Парк Софиевка, Умань. Открытка. Начало XX века

Парк Софиевка, Умань. Открытка. Начало XX века

Мне не пришлось быть на окраинах, на базаре, я не видела лачуг, грязных ребятишек, нищих, может быть, поэтому город остался в памяти светлым пятном. Подлинным украшением Умани был парк Софиевка, или «Царский сад». В конце XVIII века императрица Екатерина II приняла на русскую службу и пожаловала чин генерал‑аншефа графу Станиславу Феликсу Потоцкому, разбившему в окрестностях Умани великолепный парк, названный Софиевкой в честь его жены Софии. В царствование Александра II при парке было открыто училище садоводства и земледелия, одно из первых в России. Я помню, как в солнечный летний день мы приезжали всей семьей на извозчике в парк. Я была слишком мала, чтобы оценить всю его красоту, но оранжереи, полные редких тропических растений, произвели на меня незабываемое впечатление.

Я помню себя достаточно отчетливо лет с пяти: пухлая некрасивая девочка, к тому же непослушная и плакса, мама называла меня Бунцей, происхождение слова мне неизвестно. «Бунця, не капризничай», — строго говорила мама.

Мой братик, хорошенький и послушный мальчик, был моложе меня на полтора года.

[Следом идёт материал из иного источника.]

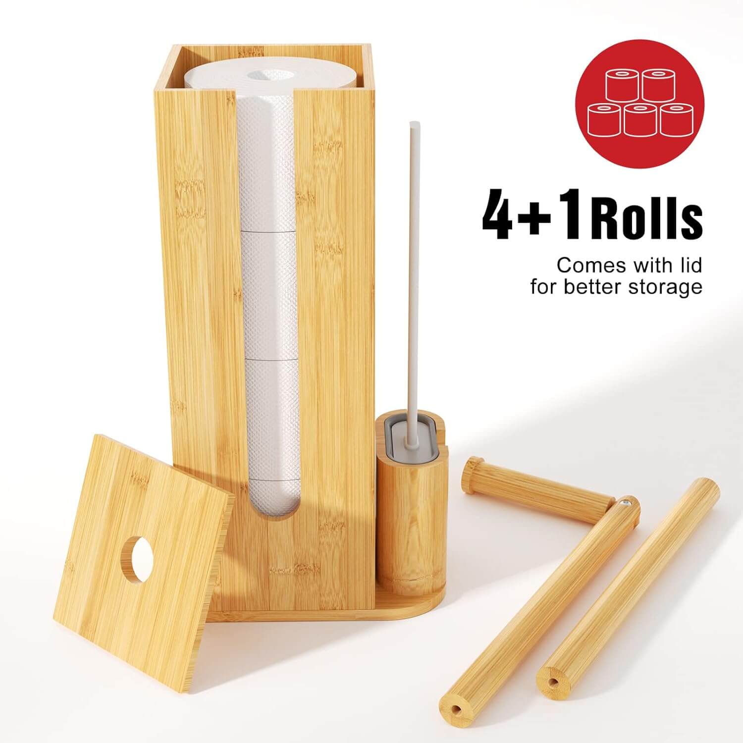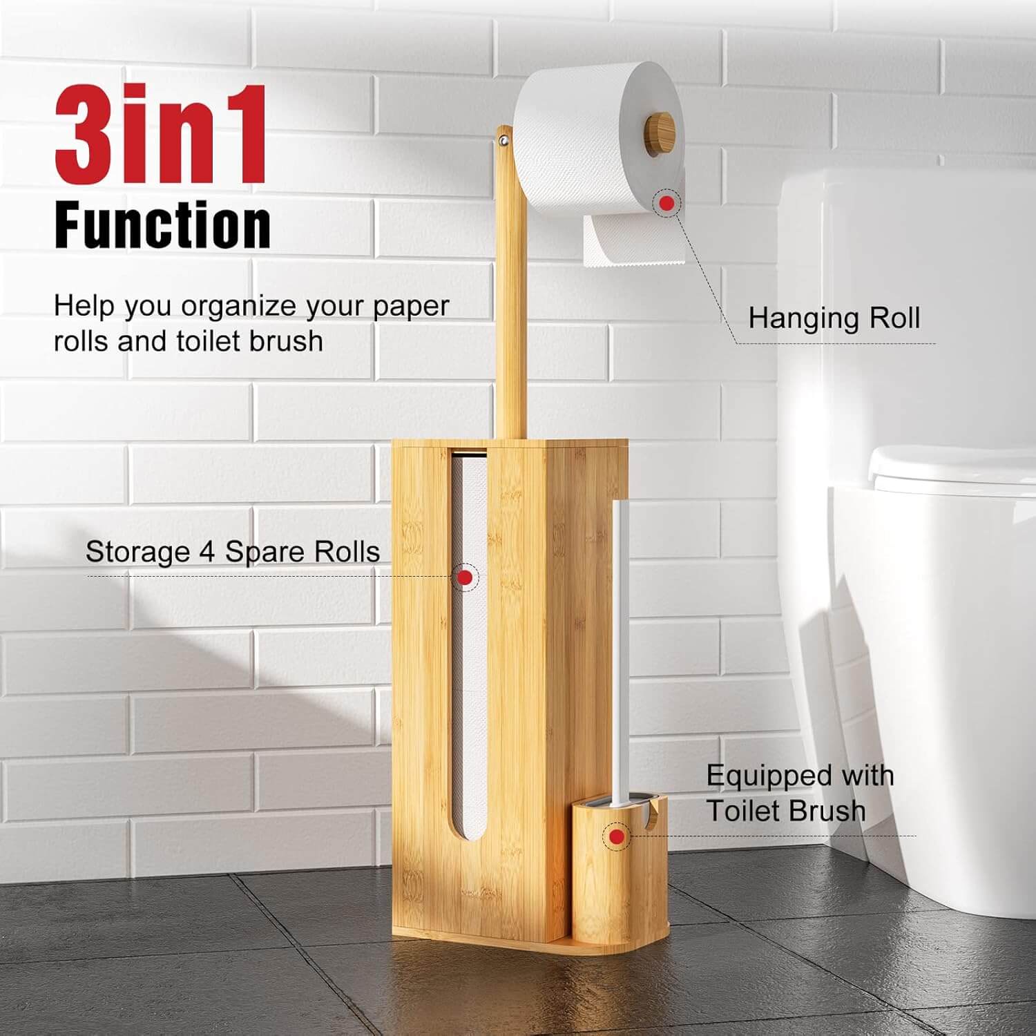 Praktična rešitev za vašo kopalnico, ki združuje držalo za toaletni papir, prostor za shranjevanje in krtačo za hitro čiščenje stranišča.

Мама рассказывала, что, когда он плакал, няня‑украинка говорила ему: «Не плачь, Юхимчик, зараз я тоби борща дам». Эти слова действовали безотказно.

В нашей детской, кроме кроваток, стоял стол, высокий детский стульчик, на котором никто из нас уже не сидел, два простых стула и шкаф. Такого количества игрушек, как у моих правнуков, у нас никогда не было. Резиновый мячик считался дорогой игрушкой. Кукол у меня не было, я их не любила. Научившись читать сама — не по букварю, а по кубикам с азбукой, я пристрастилась к чтению.

Окно детской выходило в узенький переулочек, и широкий подоконник стал моим излюбленным местом для чтения, зимой, когда все еще спали, я забиралась на подоконник и, завернувшись в старый бабушкин лисий салоп, читала до тех пор, пока меня не обнаруживали за шторой. Отец покупал мне много детских книг. Помню русские сказки, каждая сказка в отдельной книжке на плотной глянцевой бумаге, с картинками, напечатанная крупным шрифтом: «Аленький цветочек», «Царевна‑лягушка», «Гуси‑лебеди». Потом пошли сказки Андерсена и братьев Гримм. Я перечитывала их по многу раз.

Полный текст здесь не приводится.